I think I may be on the way to answering this question. I've always wondered if Hilbert spaces could be useful for Tetration. This may be the first case I've ever seen it viable. I'll just post what I have here, and the rest of my thoughts I will compose in a PDF. This is an attempt at placing Kneser's tetration in a Hardy space, and deriving uniqueness/existence in this manner. Avoiding the Riemann mapping theorem only in technicality. I'll be brief here.
Let's call \( \mathcal{T} \) the space of holomorphic functions,
\(
h(z) = \sum_{n} c_n e^{\lambda_n \sqrt{z}}\,\,\text{for}\,\,z \in \mathbb{C}/\mathbb{R}^{-}\\
\)
For \( \Re(\lambda_n) < 0 \). Where the sum is infinite or finite; so long as we are guaranteed convergence. We'll define the inner-product as, for \( 0 < \sigma < \infty \),
\(
(f,g) = \lim_{T\to\infty} \frac{1}{2 T}\int_{\sigma-iT}^{\sigma + iT}f(z^2)\overline{g(z^2)}\,dz\\
\)
This produces a hilbert space where,
\(
(e^{\lambda\sqrt{z}}, e^{\omega \sqrt{z}}) = A_{\lambda,\omega}\delta_{\Im(\lambda) = \Im(\omega)}\\
\)
Where if \( \lambda = \omega \) we get \( \delta = 1 \), if \( \Im(\lambda) = \Im(\omega) \) we get a finite real number; and otherwise \( \delta = 0 \). To those of you who may have fiddled with Hilbert Spaces, this is isomorphic to the space of almost periodic functions, if we look at it only in terms of rays for \( z,\lambda \), this is precisely the space of almost periodic functions. This is a space, not exactly a familiar kind of Hilbert Space, but a non-separable Hilbert space. Nonetheless, we can now translate from one Hilbert space to the next.
If we call, \( \frac{d^z}{dw^z}\vartheta(w)|_{w=0} = f(z) \), where \( \vartheta \) exists in a different \( L^1 \) space, specifically,
\(
\int_0^\infty |\vartheta(x)|x^{\sigma-1}\,dx < \infty\\
\)
Of which their exists an inner product \( [\vartheta,\theta] = (f,g) \) (This can be explained better with a good understanding of Hilbert spaces; this is just a mapping between spaces). In this new space the inner product looks like,
\(
[\vartheta,\theta] = \int_0^\infty \vartheta(x)\overline{\theta(x)}\,d\mu\\
\)
For an appropriately chosen measure \( \mu \) (where again, it requires some work to justify this, but it's something in this vector). This allows us to no longer talk about \( f(z) = \text{tet}_K(i\sqrt{iz}) \) as a function on its own, but rather talk about other functions which exist in a different Hilbert space, and approximating the solution in the different Hilbert space.

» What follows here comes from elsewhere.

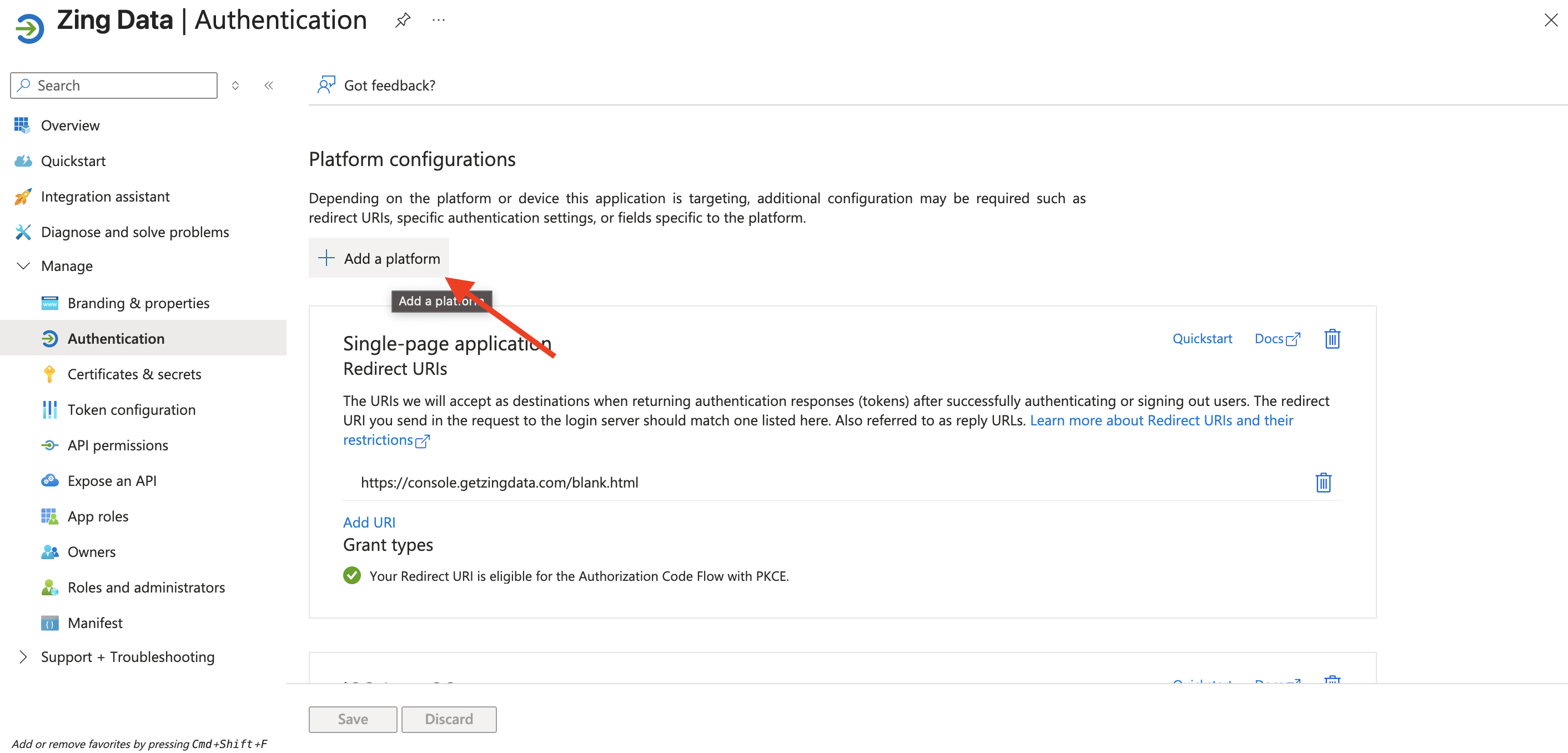 - Last step is to configure access to mobile applications. Click on Authentication on the left side menu and click on Add a platform (Single-page application with Redirect URIs should be already configured).

I apologize if I'm being a bit top heavy in my analysis right now. I'm going to start a paper on this, mostly with the goal of finding a different manner of defining uniqueness and expressibility of Kneser's Tetration. Even if I have to use Kneser's tetration to do everything I'm going to do; I think it may be very important to view it as a Hilbert Space, and view the construction in a different Hilbert space.
Let's call \( \mathcal{T} \) the space of holomorphic functions,
\(
h(z) = \sum_{n} c_n e^{\lambda_n \sqrt{z}}\,\,\text{for}\,\,z \in \mathbb{C}/\mathbb{R}^{-}\\
\)
For \( \Re(\lambda_n) < 0 \). Where the sum is infinite or finite; so long as we are guaranteed convergence. We'll define the inner-product as, for \( 0 < \sigma < \infty \),
\(
(f,g) = \lim_{T\to\infty} \frac{1}{2 T}\int_{\sigma-iT}^{\sigma + iT}f(z^2)\overline{g(z^2)}\,dz\\
\)
This produces a hilbert space where,
\(
(e^{\lambda\sqrt{z}}, e^{\omega \sqrt{z}}) = A_{\lambda,\omega}\delta_{\Im(\lambda) = \Im(\omega)}\\
\)
Where if \( \lambda = \omega \) we get \( \delta = 1 \), if \( \Im(\lambda) = \Im(\omega) \) we get a finite real number; and otherwise \( \delta = 0 \). To those of you who may have fiddled with Hilbert Spaces, this is isomorphic to the space of almost periodic functions, if we look at it only in terms of rays for \( z,\lambda \), this is precisely the space of almost periodic functions. This is a space, not exactly a familiar kind of Hilbert Space, but a non-separable Hilbert space. Nonetheless, we can now translate from one Hilbert space to the next.
If we call, \( \frac{d^z}{dw^z}\vartheta(w)|_{w=0} = f(z) \), where \( \vartheta \) exists in a different \( L^1 \) space, specifically,
\(
\int_0^\infty |\vartheta(x)|x^{\sigma-1}\,dx < \infty\\
\)
Of which their exists an inner product \( [\vartheta,\theta] = (f,g) \) (This can be explained better with a good understanding of Hilbert spaces; this is just a mapping between spaces). In this new space the inner product looks like,
\(
[\vartheta,\theta] = \int_0^\infty \vartheta(x)\overline{\theta(x)}\,d\mu\\
\)
For an appropriately chosen measure \( \mu \) (where again, it requires some work to justify this, but it's something in this vector). This allows us to no longer talk about \( f(z) = \text{tet}_K(i\sqrt{iz}) \) as a function on its own, but rather talk about other functions which exist in a different Hilbert space, and approximating the solution in the different Hilbert space.
I apologize if I'm being a bit top heavy in my analysis right now. I'm going to start a paper on this, mostly with the goal of finding a different manner of defining uniqueness and expressibility of Kneser's Tetration. Even if I have to use Kneser's tetration to do everything I'm going to do; I think it may be very important to view it as a Hilbert Space, and view the construction in a different Hilbert space.